And finally, in honor of Jon Stewart (whenever he chooses to show up, the funniest man on TV) I give you…


Last week, I wrote at length about the Seahawks-Cardinals Debacle in the Desert that ended in a 6-6 tie. Not content to let those teams have all the fun, Cincinnati and Washington treated the fans of London to a round of good ol’ American incompetence by refusing any and all attempts to win the actual game. It was a masterful display of dropped passes, turnovers, temper tantrums, dumb penalties and questionable coaching decisions and it produced the second incident of kissing-your-sister in as many weeks.

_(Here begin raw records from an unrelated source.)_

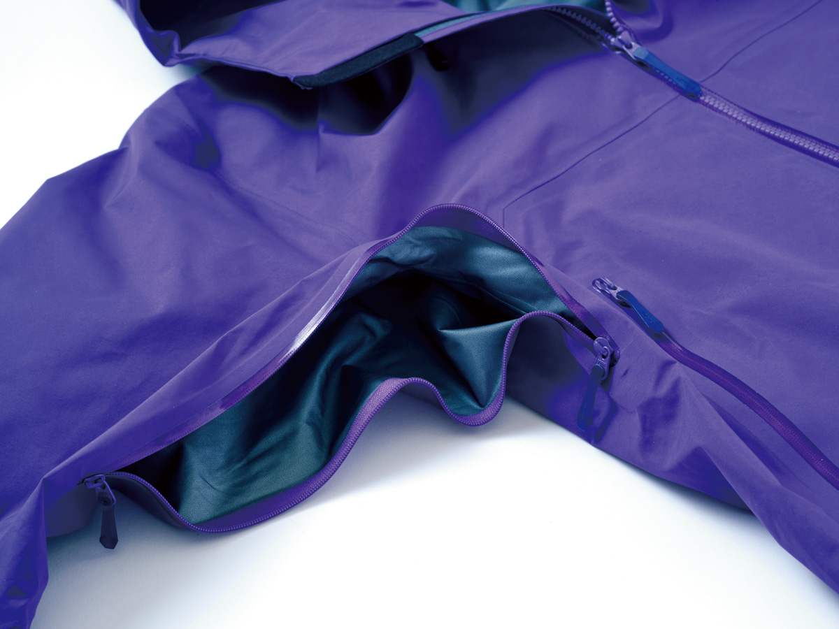非フッ素系のePEメンブレンを採用した新しいゴアテックスを使ったハードシェル。メンブレンの変更によって素材自体がより薄く、軽く、やわらかくなり、裏地のCニットバッカーと相まって、しなやかで軽々とした着心地が特徴的。ヘルメット対応ストームフードやピットジップを備え、岩稜を含んだアルパインエリアでの登山に最適。
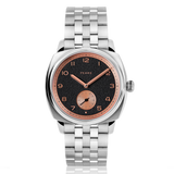 The Brunswick 38 'Charcoal Rose' is also available to purchase with Fears bespoke stainless steel 5-link bracelet.
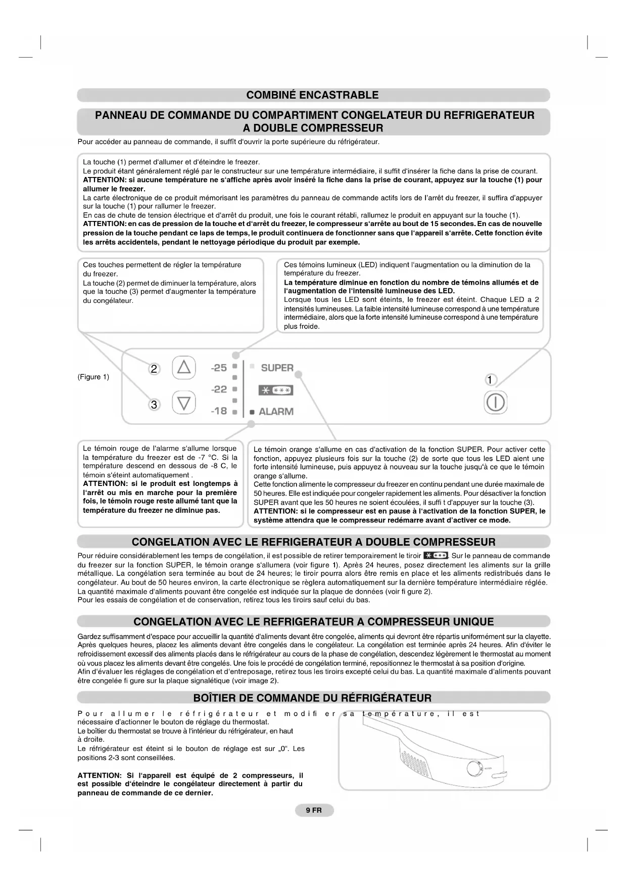 CONGELATION AVEC LE REFRIGERATEUR A DOUBLE COMPRESSEUR Pour réduire considérablement les temps de congélation, il est possible de retirer temporairement le tiroir . Sur le panneau de commande du freezer sur la fonction SUPER, le témoin orange s‘allumera (voir fi gure 1). Après 24 heures, posez directement les aliments sur la grille métallique. La congélation sera terminée au bout de 24 heures; le tiroir pourra alors être remis en place et les aliments redistribués dans le congélateur. Au bout de 50 heures environ, la carte électronique se règlera automatiquement sur la dernière température intermédiaire réglée. La quantité maximale d‘aliments pouvant être congelée est indiquée sur la plaque de données (voir fi gure 2). Pour les essais de congélation et de conservation, retirez tous les tiroirs sauf celui du bas. BOÎTIER DE COMMANDE DU RÉFRIGÉRATEUR Pour allumer le réfrigérateur et modifi er sa température, il est nécessaire d’actionner le bouton de réglage du thermostat. Le boîtier du thermostat se trouve à l‘intérieur du réfrigérateur, en haut à droite. Le réfrigérateur est éteint si le bouton de réglage est sur „0“. Les positions 2-3 sont conseillées. ATTENTION: Si l‘appareil est équipé de 2 compresseurs, il est possible d‘éteindre le congélateur directement à partir du panneau de commande de ce dernier. Ces touches permettent de régler la température du freezer. La touche (2) permet de diminuer la température, alors que la touche (3) permet d’augmenter la température du congélateur. Le témoin rouge de l‘alarme s‘allume lorsque la température du freezer est de -7 °C. Si la température descend en dessous de -8 C, le témoin s‘éteint automatiquement . ATTENTION: si le produit est longtemps à l‘arrêt ou mis en marche pour la première fois, le témoin rouge reste allumé tant que la température du freezer ne diminue pas. Le témoin orange s‘allume en cas d‘activation de la fonction SUPER. Pour activer cette fonction, appuyez plusieurs fois sur la touche (2) de sorte que tous les LED aient une forte intensité lumineuse, puis appuyez à nouveau sur la touche jusqu‘à ce que le témoin orange s‘allume. Cette fonction alimente le compresseur du freezer en continu pendant une durée maximale de 50 heures. Elle est indiquée pour congeler rapidement les aliments. Pour désactiver la fonction SUPER avant que les 50 heures ne soient écoulées, il suffi t d’appuyer sur la touche (3). ATTENTION: si le compresseur est en pause à l‘activation de la fonction SUPER, le système attendra que le compresseur redémarre avant d’activer ce mode. 9 FR Ces témoins lumineux (LED) indiquent l‘augmentation ou la diminution de la température du freezer. La température diminue en fonction du nombre de témoins allumés et de l‘augmentation de l‘intensité lumineuse des LED. Lorsque tous les LED sont éteints, le freezer est éteint. Chaque LED a 2 intensités lumineuses. La faible intensité lumineuse correspond à une température intermédiaire, alors que la forte intensité lumineuse correspond à une température plus froide. La touche (1) permet d‘allumer et d‘éteindre le freezer. Le produit étant généralement réglé par le constructeur sur une température intermédiaire, il suffi t d‘insérer la fi che dans la prise de courant. ATTENTION: si aucune température ne s‘affi che après avoir inséré la fi che dans la prise de courant, appuyez sur la touche (1) pour allumer le freezer. La carte électronique de ce produit mémorisant les paramètres du panneau de commande actifs lors de I’arrêt du freezer, il suffi ra d’appuyer sur la touche (1) pour rallumer le freezer. En cas de chute de tension électrique et d‘arrêt du produit, une fois le courant rétabli, rallumez le produit en appuyant sur la touche (1). ATTENTION: en cas de pression de la touche et d‘arrêt du freezer, le compresseur s‘arrête au bout de 15 secondes. En cas de nouvelle pression de la touche pendant ce laps de temps, le produit continuera de fonctionner sans que l‘appareil s‘arrête. Cette fonction évite les arrêts accidentels, pendant le nettoyage périodique du produit par exemple. COMBINÉ ENCASTRABLE CONGELATION AVEC LE REFRIGERATEUR A COMPRESSEUR UNIQUE Gardez suffi samment d‘espace pour accueillir la quantité d‘aliments devant être congelée, aliments qui devront être répartis uniformément sur la clayette. Après quelques heures, placez les aliments devant être congelés dans le congélateur. La congélation est terminée après 24 heures. Afi n d‘éviter le refroidissement excessif des aliments placés dans le réfrigérateur au cours de la phase de congélation, descendez légèrement le thermostat au moment où vous placez les aliments devant être congelés. Une fois le procédé de congélation terminé, repositionnez le thermostat à sa position d‘origine. Afi n d‘évaluer les réglages de congélation et d‘entreposage, retirez tous les tiroirs excepté celui du bas. La quantité maximale d‘aliments pouvant être congelée fi gure sur la plaque signalétique (voir image 2).DÉGIVRAGE (Figure 2) Le dégivrage du refrigérateur se fait automatiquement durant la pause du compresseur. La présence d’une fi ne couche de givre ou de gouttes d’eau durant le fonctionnement de I’appareil est normale. Il est important que la conduite d‘évacuation sort toujours propre et d‘éviter que les aliments touchent la paroi du compartiment. Il est conseillé de dégivrer le congélateur lorsque la couche de givre dépasse 3 mm. d‘épaisseur. N.B. Plaque de données de l‘appareil, à communiquer à l’assistance technique en cas de panne. Important: si la température ambiante est très élevée, l‘appareil pourrait fonctionner en continu, provoquant la formation anormale de givre sur la paroi de fond du réfrigérateur. Dans ce cas, il est nécessaire de régler le t
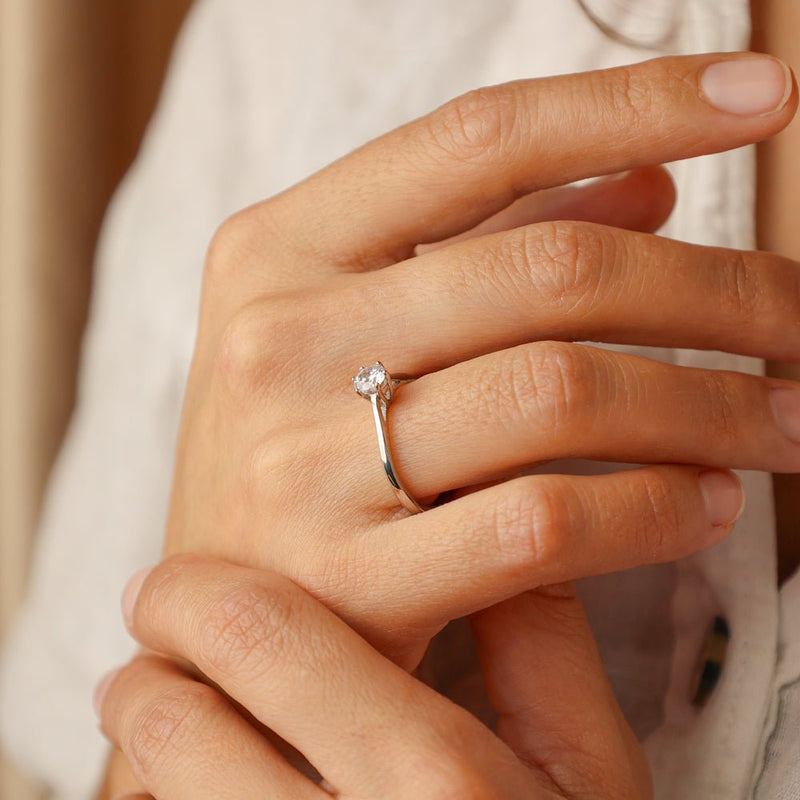 Anel Solitário em Prata 925 com Zircónia assente em 6 Garras – Brilho e Segurança em Harmonia

Later in the day, Raiders QB Derek Carr tossed a 41 yard TD with a 1:45 left in OT to spare us the second tie of the day and the third in two weeks.

Until recently, not everyone could agree on the best way to fix the NFL’s OT rules, but most everyone agreed they sucked. (Yes, you’d get knobs who made the Defense is part of the game, too argument, but most of those guys were Tony Dungy.) I figured there must be a happy medium between Get to the 35 and kick a field goal and college football’s Line up on the 25 and match scores until someone can’t score or starts puking all over the field. And I was pretty certain the NFL found it in the current rules: if the first team to possess the ball scores a TD, they win automatically. If they kick a field goal, the other team gets a possession. After that, we’re playing sudden death.

The unforeseen (at least I think it was unforeseen) problem is that if teams each get a possession and trade field goals, you may have used up half (if not more) of the OT quarter, meaning you’ve got an even shorter version of sudden death. While I’m willing to call this sudden spate of ties an anomaly, there are others who won’t think so. Let’s face it, some people don’t embrace change. The NFL had an instant replay system, ditched it, then brought it back again in a better form. And there are STILL people who want to get rid of it. (These people who would have opposed player helmets if they’d been around at the time.)

My fear, of course, is that more ties will give traction to those who want to go back to the old, boring system. This means for the rest of this season and maybe the next, people like me, who like the new rules, will be developing shpilkis in our collective genechtagazoink every time an OT game gets within the last five minutes. If there’s one rule about the NFL, it’s that nothing is untouchable. Replay works, but they keep tinkering with it. Twelve playoff teams is way plenty, but some want it to be fourteen. A 16 game season is really all you can expect out of the players, but some owners keep pushing for 18 games. If there’s one thing about the NFL braintrust, it’s that it has no brains and cannot be trusted.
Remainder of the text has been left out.